== Segment start ==

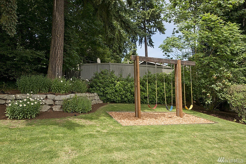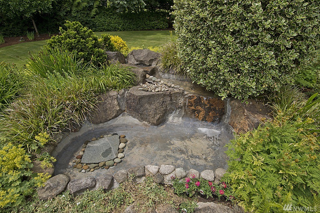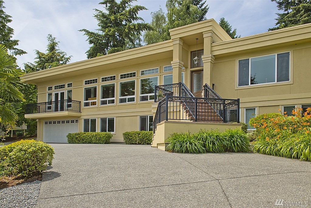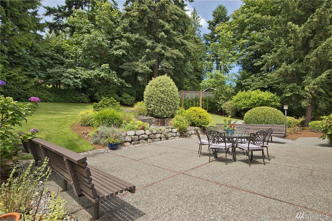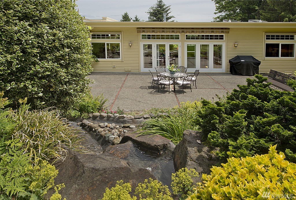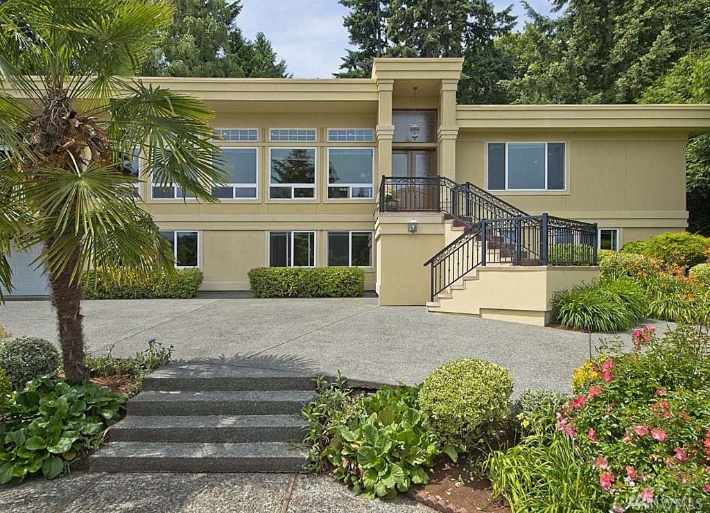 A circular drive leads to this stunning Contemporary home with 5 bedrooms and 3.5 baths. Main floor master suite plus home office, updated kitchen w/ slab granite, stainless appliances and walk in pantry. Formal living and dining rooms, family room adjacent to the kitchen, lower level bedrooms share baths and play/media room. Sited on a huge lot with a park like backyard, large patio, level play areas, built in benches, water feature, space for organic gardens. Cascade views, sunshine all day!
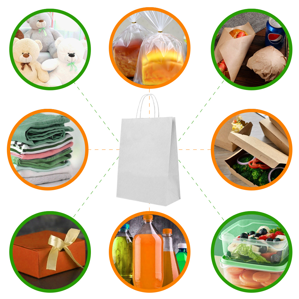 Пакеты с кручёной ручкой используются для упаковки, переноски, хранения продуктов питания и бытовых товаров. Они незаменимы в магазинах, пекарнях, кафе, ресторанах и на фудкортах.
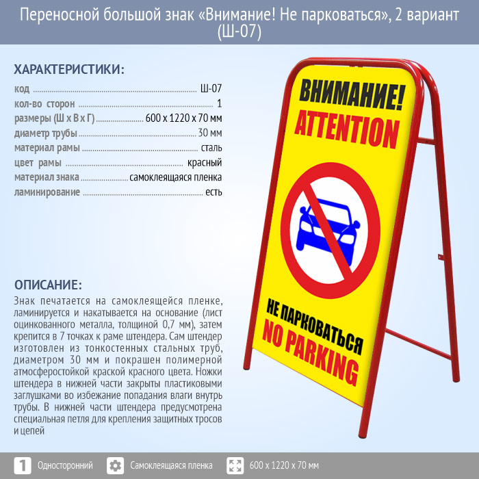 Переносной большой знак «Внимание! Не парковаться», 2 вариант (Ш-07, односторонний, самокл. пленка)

== Segment end ==
== Segment start ==

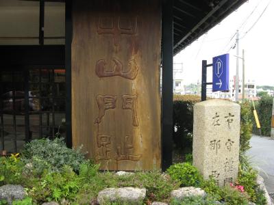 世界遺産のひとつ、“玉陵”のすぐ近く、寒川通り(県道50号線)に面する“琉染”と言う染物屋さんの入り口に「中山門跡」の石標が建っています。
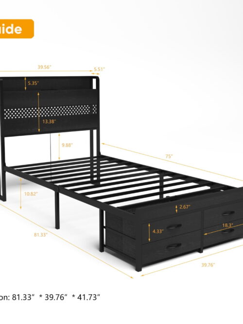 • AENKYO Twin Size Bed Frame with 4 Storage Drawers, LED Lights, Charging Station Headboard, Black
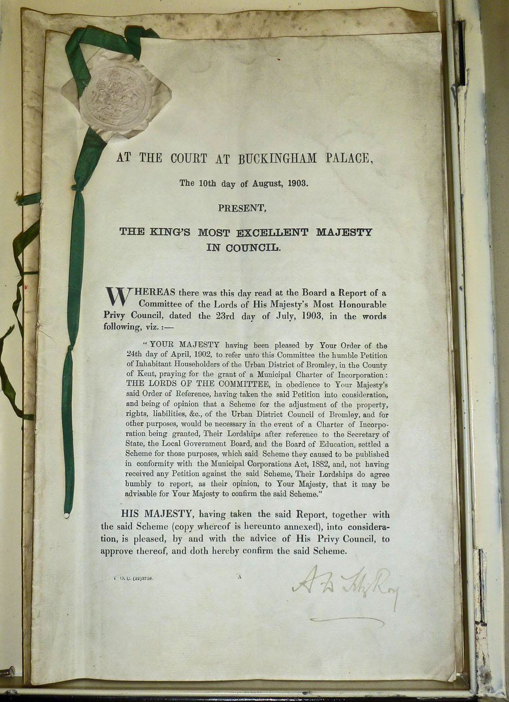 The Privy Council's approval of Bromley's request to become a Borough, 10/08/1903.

== Segment end ==
== Segment start ==

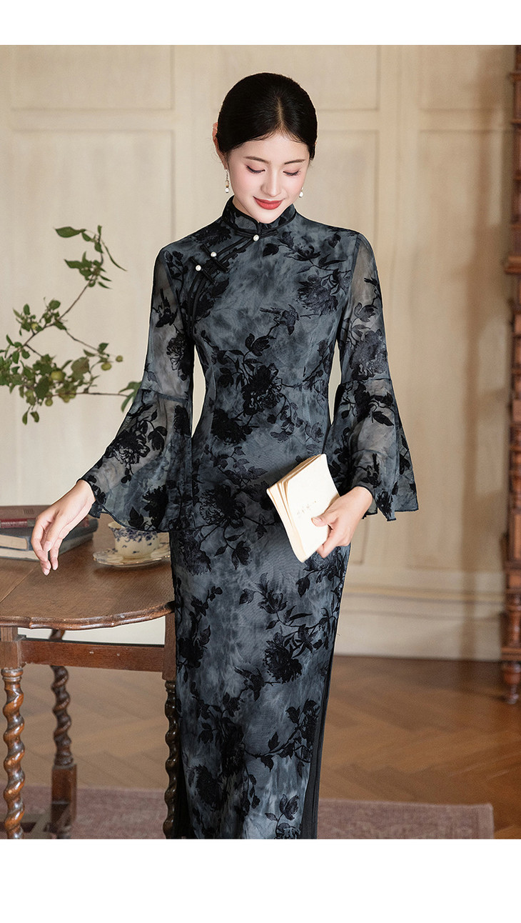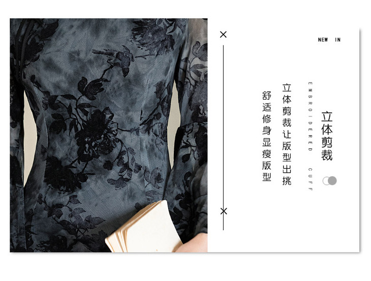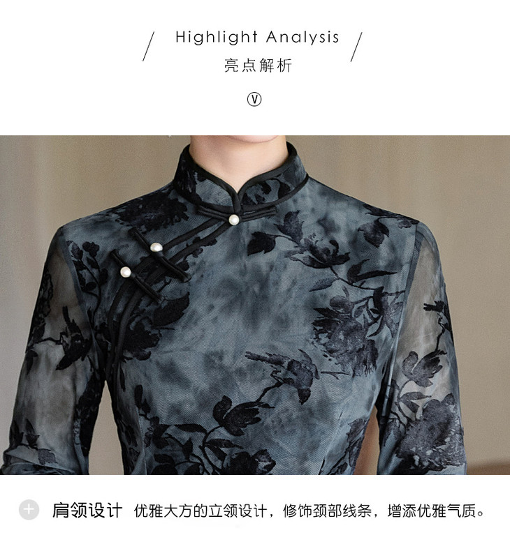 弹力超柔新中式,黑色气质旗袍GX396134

== Segment end ==

Assignment
In the listing above, find the line containing "A circular drive" and the line containing "Переносной большой знак", then write out both of them and every line between, exactly, with no pictures.

Result of the task
 A circular drive leads to this stunning Contemporary home with 5 bedrooms and 3.5 baths. Main floor master suite plus home office, updated kitchen w/ slab granite, stainless appliances and walk in pantry. Formal living and dining rooms, family room adjacent to the kitchen, lower level bedrooms share baths and play/media room. Sited on a huge lot with a park like backyard, large patio, level play areas, built in benches, water feature, space for organic gardens. Cascade views, sunshine all day!
 Пакеты с кручёной ручкой используются для упаковки, переноски, хранения продуктов питания и бытовых товаров. Они незаменимы в магазинах, пекарнях, кафе, ресторанах и на фудкортах.
 Переносной большой знак «Внимание! Не парковаться», 2 вариант (Ш-07, односторонний, самокл. пленка)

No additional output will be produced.